The “A-bomb” song that inspired a Beatles classic
There aren’t really any rules for where artists can take their inspiration from. Even if what they are listening to isn’t to the same taste as their audience, no one is morally obligated to listen to exclusively material that will one day help them write a classic. While The Beatles did have a habit of absorbing almost anything around them, hearing this abhorrent folk song during the making of one of their masterpieces is the definition of the phrase ‘turning shit into gold’.
Granted, not every member of the Fab Four was meant to listen to the same things. George Harrison was knee-deep in Indian music by the time of Sgt Peppers, and when working on The White Album, John Lennon had immersed himself in the avant-garde scene, even if his experimental albums with Yoko Ono were some of the most grating noises ever to be made by a Beatle.
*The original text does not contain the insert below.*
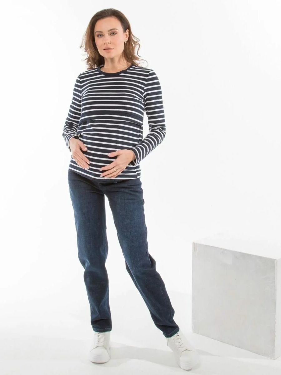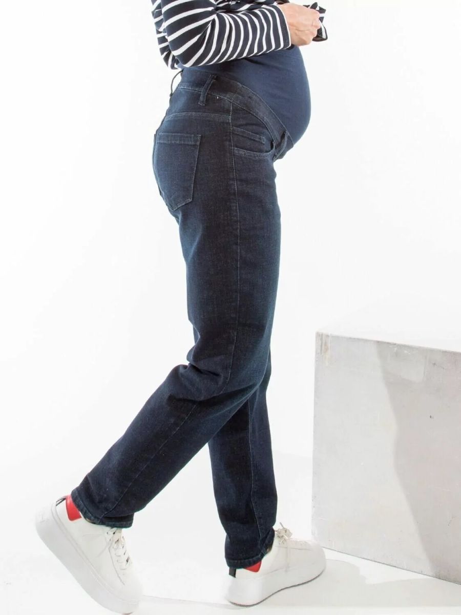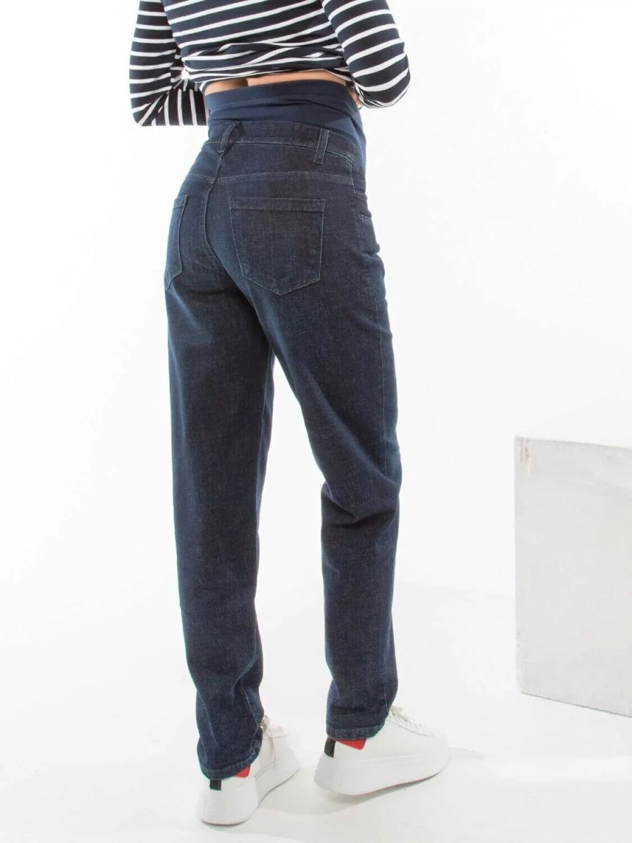 Джинсы для беременных, модель МОМ. Высокая посадка на живот. Объем регулируется за счет перфорированной резинки, продетой в трикотажную вставку изделия, которая перестегивается на пуговицу. Специальный крой с учетом анатомических особенностей беременных позволяет носить изделие от начала до конца беременности, а также после родов.

While Ringo Starr was down for listening to anything, the one with the most questionable music taste tended to be Paul McCartney. Regardless of how many chipper tunes he made on his own, his interest in the cutesy ditties from the 1920s is what makes people either love or hate his jovial material like ‘You Gave Me the Answer’ or ‘Hello Goodbye’.
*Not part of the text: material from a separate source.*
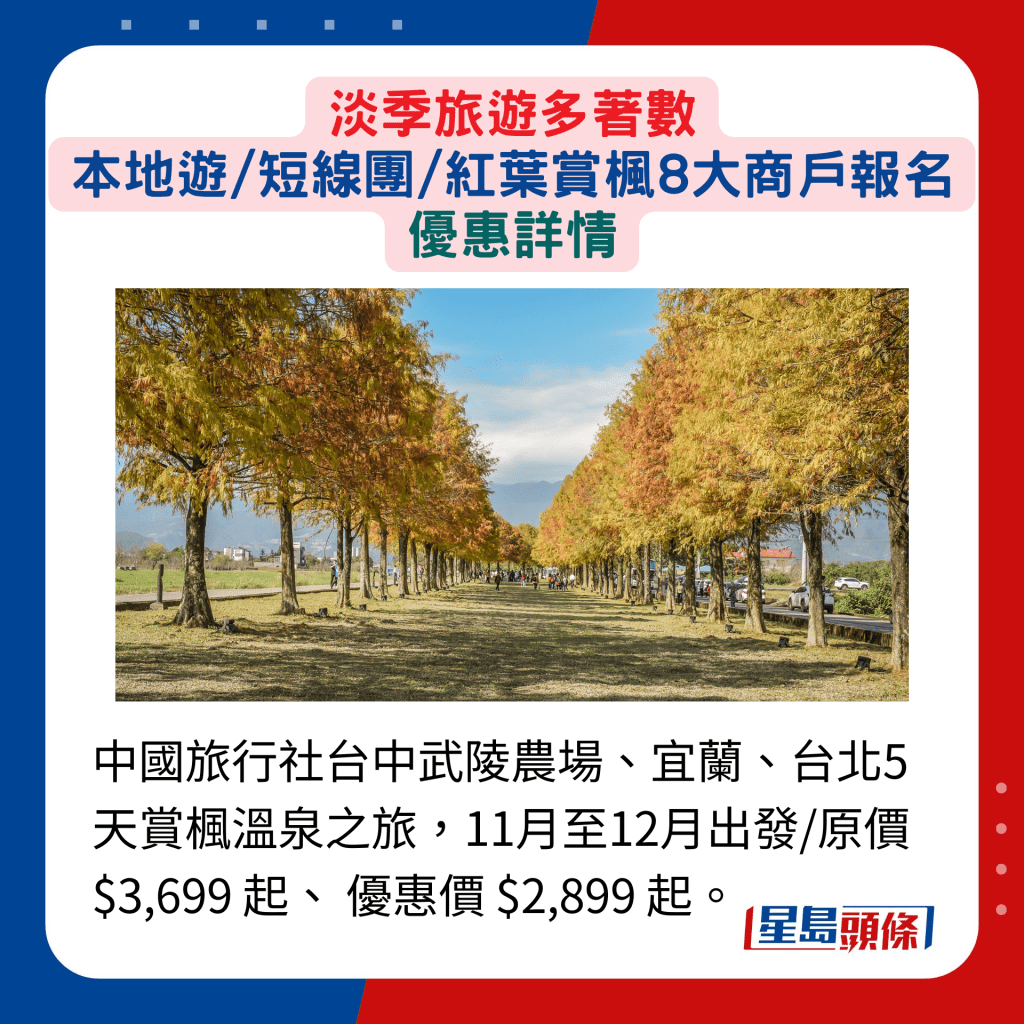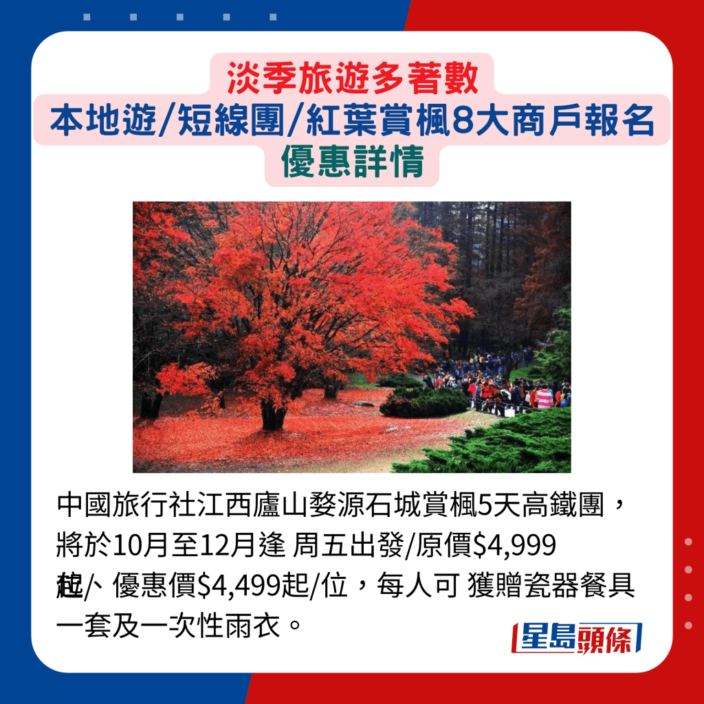 每年10月至11月是欣賞紅葉的黃金檔期,若有意參加旅行團,越早報名,著數越多。縱橫游提供多個日、韓的賞楓旅行團,熱門地區如韓國南怡島及日本 立山黑部等,均榜上有名,于網上報名并輸入指定優 惠碼“AP2024”,可因應報名與出發日期相距時間,獲得減價,團費最多可減$300。日韓以外,內地亦不乏 賞楓熱點,好像中國旅行社的江西廬山婺源石城賞楓5天高鐵團,行程包羅著名的婺源石城及廬山,團費每位原價$4,999起,現以優惠價$4,499起發售,參加者還可獲贈瓷器餐具等禮品,抵玩指數高!

And ‘MacArthur Park’ tends to fall into the company of being too grating for its own good. Despite the novelty of having this kind of folk tune on the charts in the 1960s, there was no way that this would be given the same time of day as a Bob Dylan track, especially considering most of the record sounded like it was made for some particularly corny TV show.
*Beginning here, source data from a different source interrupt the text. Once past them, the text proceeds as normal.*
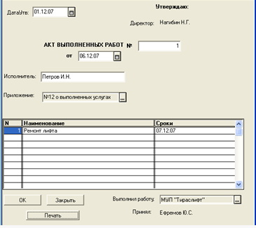 Таким же образом можно усовершенствовать форму документа "Акт выполненных работ", в части автоматизации ввода реквизитов "Исполнитель" и "Принял". Но данные преобразования возможны, лишь в том случае, если будут необходимые данные для создания справочников по лицам, выполняющим работы по договорам подряда, с учетом того, что на каждом предприятии-подрядчике свой перечень ответственных за работу лиц, в этом случае справочник будет многоуровневым. Реквизит "Принял" целесообразно подвергать изменению, если на предприятии помимо действующего ответственного за принятие работ по договорам - подряда, будут назначены еще лица, на которых будет возложена эта обязанность. Тогда по такому же принципу как описано выше, можно преобразовать этот реквизит. В целом можно усовершенствование и представление отчетов по счетам, но в этом случае нужно создать многоуровневые справочники, в которых будут отражены списки работников по отделам, структурным подразделениям. Дальнейшие усовершенствования можно разрабатывать и внедрять по мере необходимости в их применении.
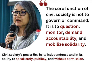 CSOs များ၏ အဓိကအခန်းကဏ္ဍမှာ အုပ်ချုပ်ရန် သို့မဟုတ် အမိန့်ပေးရန် မဟုတ်ပါ။ မေးခွန်းထုတ်ရန်၊ စောင့်ကြည့်ရန်၊ တာဝန်ယူမှု၊ တာဝန်ခံမှု တောင်းဆိုရန်နှင့်…
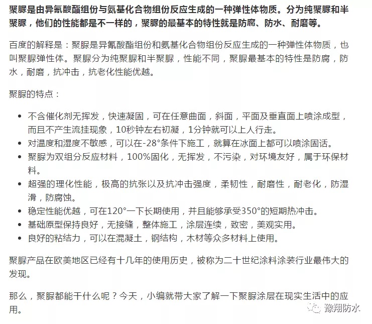 聚脲材料的防水性能非常優(yōu)越,噴涂后的聚脲形成一個(gè)整體類似橡膠層一樣的整體防水層,所以,水分根本進(jìn)不去。
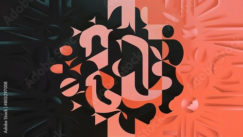 © Facundo, Fototapeta premium Abstract minimalist background, black and orange colors, inspired by the Cubist artistic style.

Even the author, Jimmy Webb, admitted that the tune ranked among the absolute worst things that he had heard, telling The Guardian, “At first, we felt like the guys who’d created the A-bomb: we were a bit afraid of what we’d done. I didn’t know I could write something like that.” While the idea of rambling on like this for minutes on end feels downright torturous, it worked out by serving as the inspiration for ‘Hey Jude’.
As Webb explains, he heard that the tune became the catalyst for McCartney dragging out ‘Hey Jude’ for as long as he did, saying, “We had doubts about releasing it as a single. Eventually, they put out the full seven minutes 20 seconds. George Martin once told me The Beatles let ‘Hey Jude’ run to over seven minutes because of ‘MacArthur Park.’”
Whereas ‘MacArthur Park’ keeps plodding away and gets to the point where it seems like it will never end, ‘Hey Jude’ does the exact opposite. The entire outro feels like one long crescendo towards the final few minutes, with Macca putting as much swagger into his screams as the folksy ditty has in its entire runtime.
Inspiration isn’t exclusive to one style of music, and given that ‘Hey Jude’ was the by-product, ‘MacArthur Park’ does end up having a tiny bit more sheen put on it by association. It probably wasn’t meant to be one of the finest songs ever composed, but a tune that inspired McCartney for one of his best anthems is at least doing one thing right.